Are there any algorithms for SAT solving which are not DPLL based? Or are all algorithms used by SAT solvers are DPLL based?
Resolution Search (just applying the resolution rule with some good heuristics) is another possible strategy for SAT solvers. Theoretically it's exponentially more powerful (i.e. there exist problems for which it has exponential shorter proofs) than DPLL (which just does tree resolution though you can augment it with nogood learning to increase its power - whether that makes it as powerful as general resolution is still open as far as I know) but I don't know of an actual implementation that performs better.
If you don't limit yourself to complete search, then WalkSat is a local search solver which can be used to find satisfiable solutions and outperforms DPLL-based search in many cases. One can't use it to prove unsatisfiability though unless one caches all the assignments that have failed which would mean exponential memory requirements.
Edit: Forgot to add - Cutting planes can also be used (by reducing SAT to an integer program). In particular Gomory cuts suffice to solve any integer program to optimality. Again in the worst case, an exponential number may be needed. I think Arora & Barak's Computational Complexity book has a few more examples of proof systems that one could in theory use for something like SAT solving. Again, I haven't really seen a fast implementation of anything apart from DPLL-based or local search based methods.
Survey propagation is another algorithm that has been used with success on some kinds of SAT problems, notably random SAT instances. Like WalkSAT, it cannot be used to prove unsatisfiability, but it is based on very different ideas (message-passing algorithms) from WalkSAT.
There are SAT solvers based on the local search. See, for example, this paper for exposition.

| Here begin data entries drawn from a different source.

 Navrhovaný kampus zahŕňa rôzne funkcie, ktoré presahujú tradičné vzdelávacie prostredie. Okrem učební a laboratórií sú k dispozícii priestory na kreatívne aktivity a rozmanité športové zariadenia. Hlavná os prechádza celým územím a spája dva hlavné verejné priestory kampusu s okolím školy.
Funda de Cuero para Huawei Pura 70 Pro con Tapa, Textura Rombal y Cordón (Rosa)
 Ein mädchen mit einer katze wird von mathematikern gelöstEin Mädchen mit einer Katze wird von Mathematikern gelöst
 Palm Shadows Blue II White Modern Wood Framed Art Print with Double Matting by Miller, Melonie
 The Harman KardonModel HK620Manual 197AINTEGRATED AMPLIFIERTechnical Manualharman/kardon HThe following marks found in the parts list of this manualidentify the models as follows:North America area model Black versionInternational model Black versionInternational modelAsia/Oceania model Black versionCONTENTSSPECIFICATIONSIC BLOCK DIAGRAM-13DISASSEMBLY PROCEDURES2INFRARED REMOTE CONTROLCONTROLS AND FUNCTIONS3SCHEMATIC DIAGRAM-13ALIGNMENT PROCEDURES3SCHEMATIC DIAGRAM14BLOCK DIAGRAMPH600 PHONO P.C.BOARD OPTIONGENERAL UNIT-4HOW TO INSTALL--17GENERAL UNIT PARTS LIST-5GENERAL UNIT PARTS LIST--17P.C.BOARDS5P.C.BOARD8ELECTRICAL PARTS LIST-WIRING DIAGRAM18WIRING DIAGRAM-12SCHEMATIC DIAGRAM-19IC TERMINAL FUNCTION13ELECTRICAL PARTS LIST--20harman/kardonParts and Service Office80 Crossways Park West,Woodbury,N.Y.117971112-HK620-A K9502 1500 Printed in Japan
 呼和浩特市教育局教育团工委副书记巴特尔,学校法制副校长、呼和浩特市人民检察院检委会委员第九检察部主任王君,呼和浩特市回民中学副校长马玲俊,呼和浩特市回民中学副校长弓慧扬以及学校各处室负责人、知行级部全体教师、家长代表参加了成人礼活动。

You can also say, that all CSP solvers are also SAT solvers. And there are as far as I know two methods used in CSP:
- Exhaustive DFS with prunning of the search space and checking arc consistency, possibly using shaving to ensure that consistency is maintained as soon as possible.
- Local methods (taboo search, simulated annealing)

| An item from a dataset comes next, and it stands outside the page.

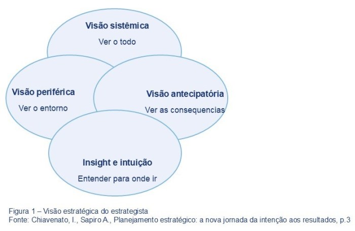 Segundo Chiavenato e Sapiro (2023), a visão estratégica pode ser desdobrada em quatro perspectivas, quatro maneiras de compreender o mundo conforme ilustrado na Figura 1: visão sistêmica, visão periférica, visão antecipatória, insight e intuição.
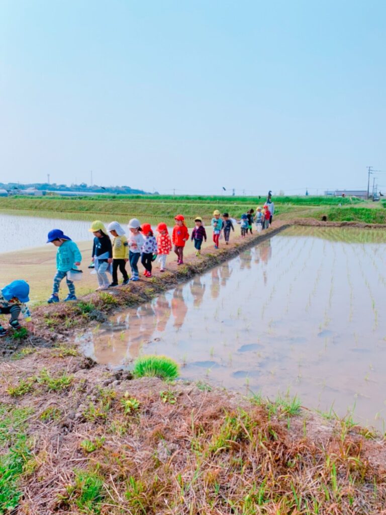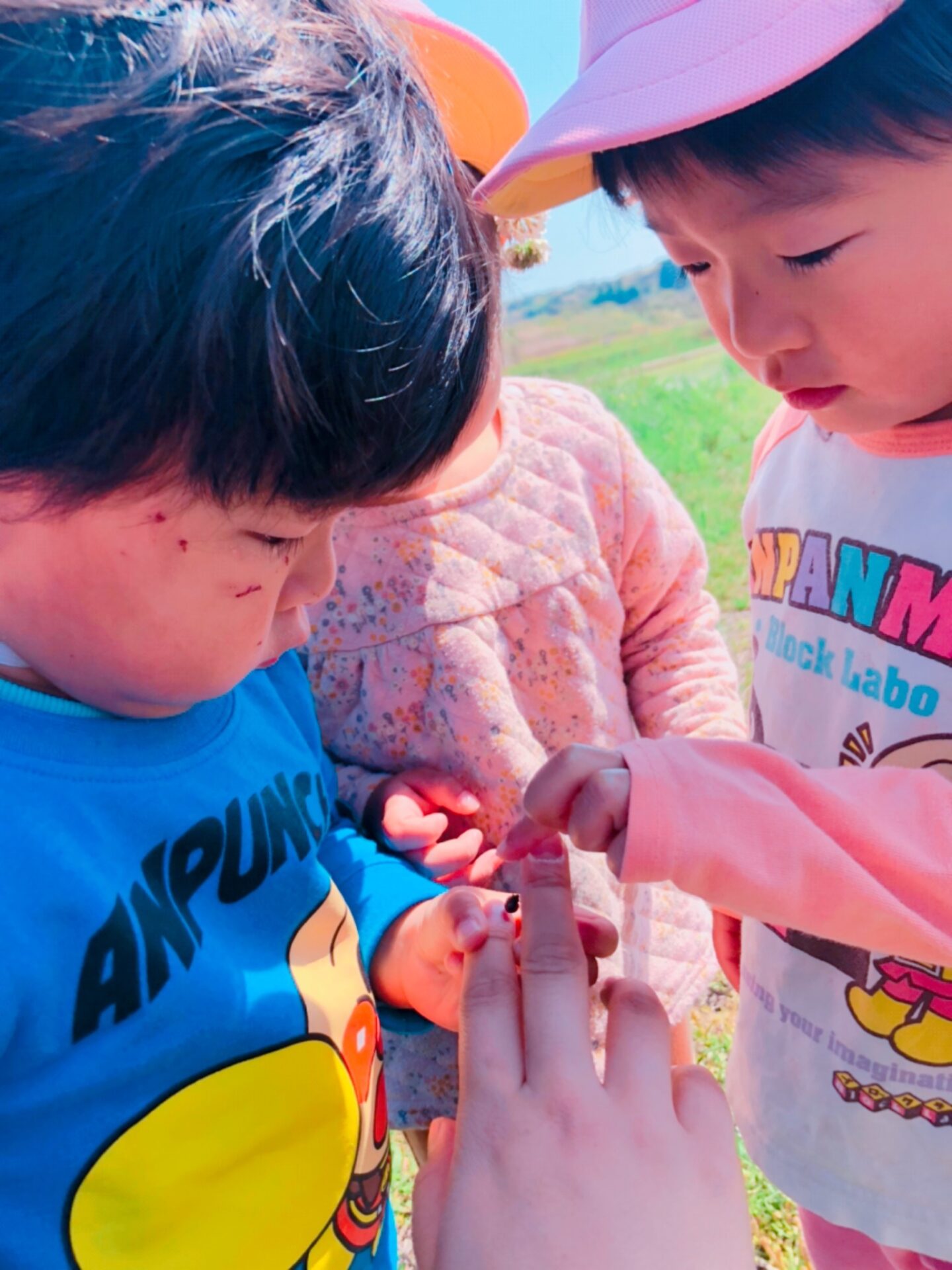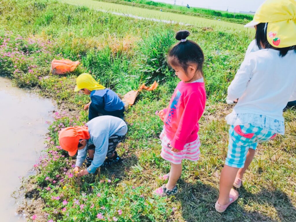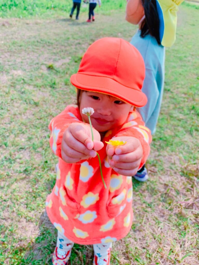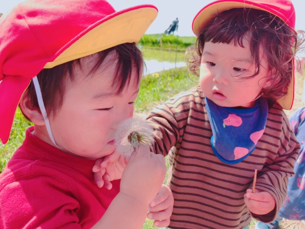 園庭はもちろん、園周辺へお散歩へ行き春の自然にも触れています。

Monte Carlo Tree Search (MCTS) has recently achieved some impressive results on games such as Go. The rough basic idea is interleaving random simulation with tree search. It is lightweight and easy to implement, the research hub page I linked contains many examples, papers and some code as well.

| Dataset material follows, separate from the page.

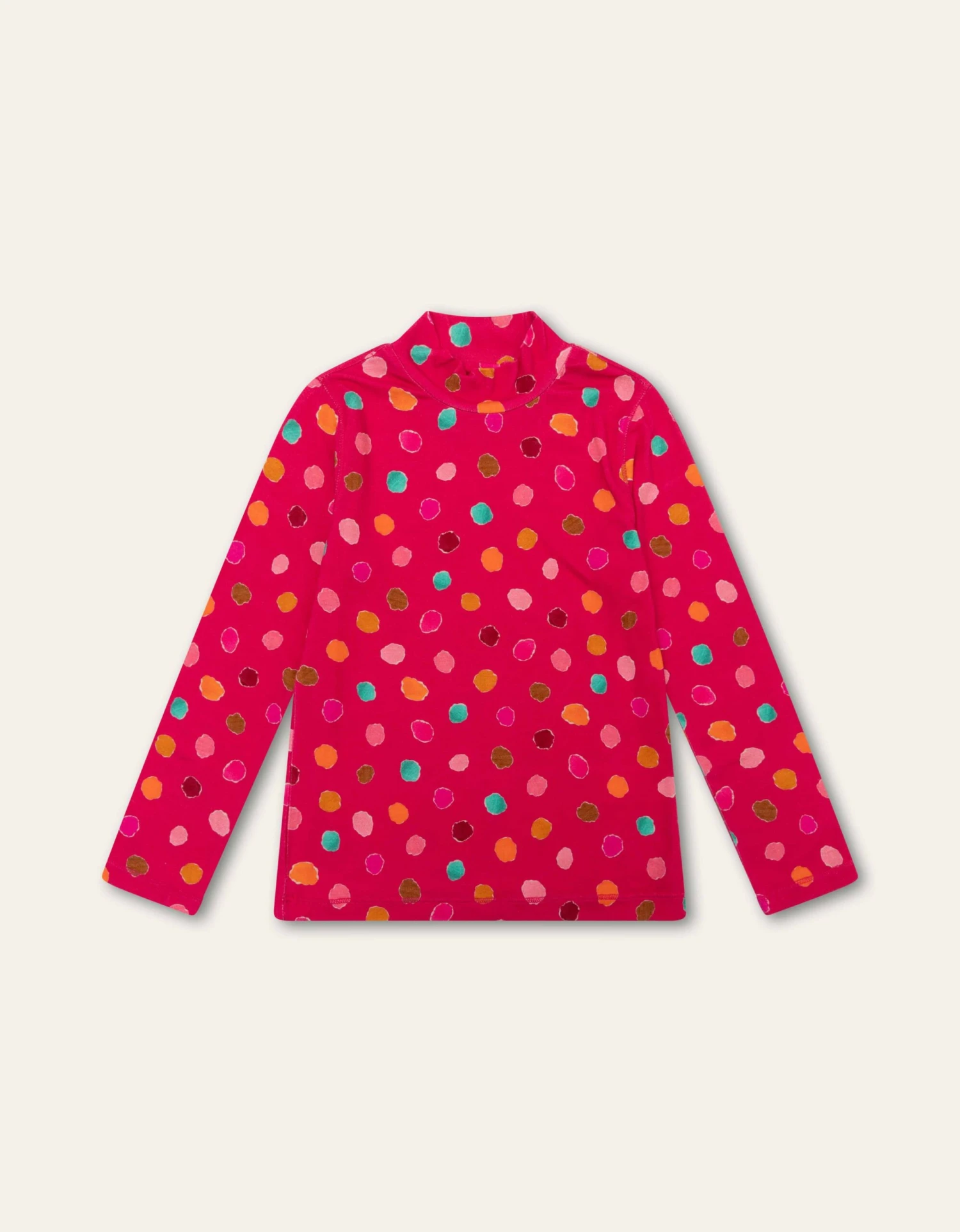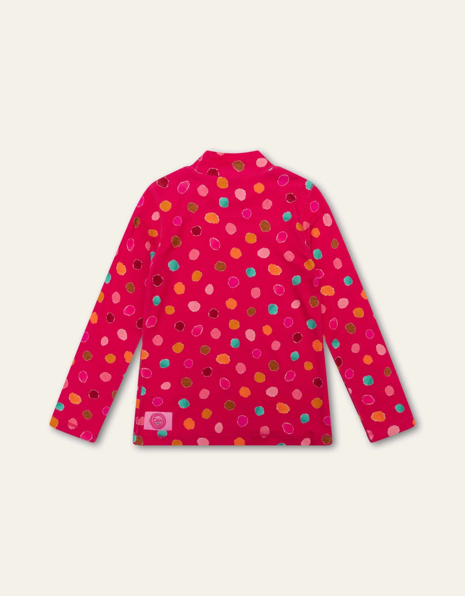 Tel alle stippen of zijn het toch eitjes gelegd door Wingsy de kip? Ze zijn met de hand gemaakt door gekleurd papier te scheuren en zo print Nessy Dots te maken. Het staat speels op dit fijne lange mouwen shirt met col.
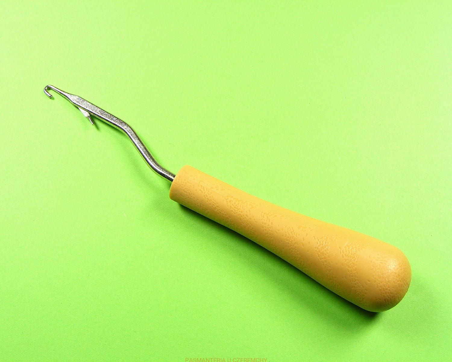 Haczyk z ruchomą klapką - przyrząd do łapania oczek w grubszych dzianinach.

Previti et al.  did some preliminary investigation of MCTS applied to SAT. They call the MCTS-based search algorithm UCTSAT ("upper confidence bounds applied to trees SAT", if you will). They compared the performance of DPLL and UCTSAT on instances from the SATLIB repository, with the goal of seeing if UCTSAT would produce significantly smaller search trees than DPLL.
For uniform random 3-SAT and flat-graph coloring instances of different sizes, there were no significant differences. However, UCTSAT performed better for real-world instances. Average tree sizes (in terms of the number of nodes) for four different SSA circuit fault analysis instances were in several thousands for DPLL, while always less than 200 for UCTSAT.
 Previti, Alessandro, Raghuram Ramanujan, Marco Schaerf, and Bart Selman. "Monte-carlo style UCT search for boolean satisfiability." In AI* IA 2011: Artificial Intelligence Around Man and Beyond, pp. 177-188. Springer Berlin Heidelberg, 2011.
DPLL does not strictly specify the variable-visit ordering and there is a lot of interesting research looking at optimal variable ordering attack strategies. some of this is incorporated into variable selection logic in SAT algorithms. in a sense some of this research is preliminary in that it shows that different variable attack orderings lead to different sequential constrainedness (which is highly correlated with instance hardness), and devising the most effective heuristics or strategies to exploit this apparently key insight seems to be in the early stages of research.